= Nathan Heinze =

American house music producer

Nathan Heinze is an American house music and synthpop record producer from Miami, Florida, United States. His music is similar to that of the Pet Shop Boys and New Order.

==Career==
In the late 1990s and early 2000s, Heinze produced several eurodance and tribal tracks, but later work showed an electro and progressive house influence. His song "At the Disco" charted at No. 6 on InternetDJ.com. After the success of "At the Disco", he began collaborating with Miami DJ VButterfly. The most notable tracks the two released were a dance cover of "Lovesong" by The Cure, and "Stupid Prick", a minor hit released by Decibel Records NYC. Heinze also worked with singer Vanessa Valentin (known primarily for her work in commercials for Pantene and Honda) on two tracks, "Maldita Condena" and "I'm Leavin".

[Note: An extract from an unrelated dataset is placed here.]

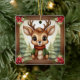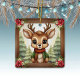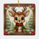 Whimsical Xmas Reindeer Holiday Decoration, rustic square ceramic ornament featuring a brown wooden frame, with Christmas poinsettia flowers and a cute baby forest animal, unique deer with antlers in a cartoon graphic art style wearing a jacket and scarf, standing in the foreground. Wintry trees, complete the winter season charm of this woodland wildlife doe character illustration, making for a great gift. Fawn lover design is on front and back. So no matter how the hanging decor turns, it always looks festive and complete. Get yours today!

In 2007, he wrote and produced two tracks for the European charity album Philanthropy, and also remixed two other songs from the album ("Fanatic Boy" by KooLTURE and "Rumor" by Ray Grant). In 2007, Heinze also remixed KooLTURE's hit "Stupid Superstar".

In 2008, he completed two remixes of the West End Girls' first single from their album Shoplifting. The track is entitled "What Have I Done to Deserve This?" and is a cover of the 1987 Pet Shop Boys hit. Heinze's remixes appear on the CD single (released by EMI), along with a radio mix and an instrumental mix. In November 2008, ISV Entertainment released Heinze's version of "It Doesn't Often Snow at Christmas" sung by West End Girls and found on the Super Dance Christmas Party release.